→ **TASK DESCRIPTION**: A single figure is required: the number of lines in the data below that hold the word "para".

→ **RECORDS FOR PROCESSING**:
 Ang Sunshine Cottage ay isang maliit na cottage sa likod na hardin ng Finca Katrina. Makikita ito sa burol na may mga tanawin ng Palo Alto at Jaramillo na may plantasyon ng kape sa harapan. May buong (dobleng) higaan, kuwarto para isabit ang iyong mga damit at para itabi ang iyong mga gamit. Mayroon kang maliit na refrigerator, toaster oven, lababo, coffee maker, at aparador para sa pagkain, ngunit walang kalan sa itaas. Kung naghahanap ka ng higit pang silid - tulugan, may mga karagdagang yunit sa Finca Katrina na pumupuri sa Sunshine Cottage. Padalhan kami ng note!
==
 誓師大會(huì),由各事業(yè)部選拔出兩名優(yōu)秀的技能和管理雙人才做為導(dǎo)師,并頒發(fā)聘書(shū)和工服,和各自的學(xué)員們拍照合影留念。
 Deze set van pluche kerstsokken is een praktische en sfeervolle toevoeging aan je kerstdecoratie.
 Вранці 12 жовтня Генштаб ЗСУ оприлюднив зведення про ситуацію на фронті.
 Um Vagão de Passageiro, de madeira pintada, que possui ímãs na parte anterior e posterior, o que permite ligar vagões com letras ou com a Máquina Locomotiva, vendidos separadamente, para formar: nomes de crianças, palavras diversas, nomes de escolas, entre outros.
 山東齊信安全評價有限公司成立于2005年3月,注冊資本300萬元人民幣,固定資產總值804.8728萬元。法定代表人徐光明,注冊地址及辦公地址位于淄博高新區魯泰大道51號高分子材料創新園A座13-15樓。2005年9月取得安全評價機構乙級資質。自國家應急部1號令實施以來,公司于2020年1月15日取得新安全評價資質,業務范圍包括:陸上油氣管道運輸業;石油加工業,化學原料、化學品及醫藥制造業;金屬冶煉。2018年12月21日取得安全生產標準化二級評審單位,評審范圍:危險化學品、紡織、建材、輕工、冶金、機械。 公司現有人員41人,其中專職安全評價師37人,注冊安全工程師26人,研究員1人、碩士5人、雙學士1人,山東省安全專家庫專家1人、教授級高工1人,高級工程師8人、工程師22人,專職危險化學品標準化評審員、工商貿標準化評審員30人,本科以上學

→ **EXERCISE ANSWER**: 2